METHOD FOR MEASURING A DISTANCE SEPARATING A CAMERA FROM A REFERENCE OBJECT

Abstract

A method for measuring a distance separating a camera from a reference object including a predetermined number of corners arranged in a pattern and at least two reference points separated by a reference length. The method includes acquiring an image including the reference object with the camera, detecting corners in the image, attributing a class to each corner, based on an orientation of the corner, detecting the reference object in the image based on the corners and attributed classes, placing the reference points in the image based on the corners of the reference object and measuring an imaged length separating the reference points, and comparing the reference length to the imaged length and obtaining the distance separating the camera from the reference object.

Claims

1. A method for measuring a distance separating a camera from a reference object, the reference object comprising a predetermined number of corners arranged in a pattern and at least two reference points separated by a reference length, the method comprising steps of: acquiring an image comprising the reference object with the camera, detecting corners in the image, attributing a class to each corner, chosen from a plurality of classes, based on an orientation of the corner, detecting the reference object in the image based on the corners and attributed classes, placing the reference points in the image based on the corners of the reference object and measuring an imaged length separating the reference points, and comparing the reference length to the imaged length and obtaining the distance separating the camera from the reference object.
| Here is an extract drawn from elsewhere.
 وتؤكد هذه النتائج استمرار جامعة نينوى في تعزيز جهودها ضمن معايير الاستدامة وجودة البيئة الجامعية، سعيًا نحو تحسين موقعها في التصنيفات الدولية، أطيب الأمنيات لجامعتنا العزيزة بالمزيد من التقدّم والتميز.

2. The method according to claim 1, wherein the step of detecting the reference object comprises forming combinations of a predetermined number of corners based on the respective class of each corner and comparing each combination to the pattern of the reference object, based on respective positions of the corners of the combination relative to each other.
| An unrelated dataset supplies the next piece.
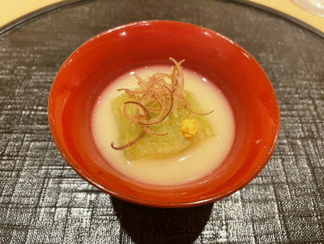 丹波大和芋、炊いた冬瓜とじゅんさい入り。

3. The method according to claim 2, wherein forming combinations of corners comprises sub steps of: forming subcombinations comprising one less corner than the predetermined number of corners of the combinations, selecting subcombinations based on the possibility for the subcombination to be part of a combination in the pattern, completing the selected subcombinations by adding an additional corner to obtain a combination, and comparing each combination to the pattern of the reference object to detect the reference object in the image.

4. The method according to claim 2, wherein each combination of corners comprises three or four corners, each corner being taken from a different class.
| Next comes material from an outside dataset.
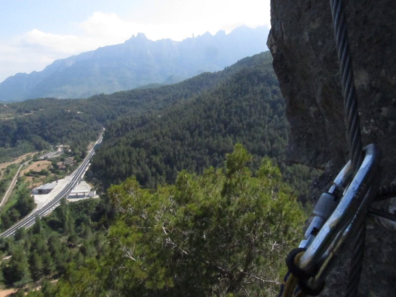 El primer tram de via ferrada és curta, de només 20 m. però amb un parell de desploms que ens faran suar de bon inici. Està ben equipada i no cal corda per aquest primer tram.

5. The method according to claim 1, wherein the corners are attributed a class based on a direction of a brightness transition across the corner, from a lighter part of the image to a darker part of the image or vice-versa.

6. The method according to claim 5, wherein the plurality of classes comprises four classes corresponding to four directions of the brightness transition along two perpendicular axes, and a fifth class for discarded corners that cannot be attributed one of the four classes.

7. The method according to claim 1, wherein the reference points are selected as equidistant from at least two edges or at least two corners of the reference object.

8. The method according to claim 7, wherein the reference points are chosen as the centers of two rectangles or squares of the reference object.

9. The method according to claim 1, wherein the imaged distance is measured with an accuracy under a pixel size of the image.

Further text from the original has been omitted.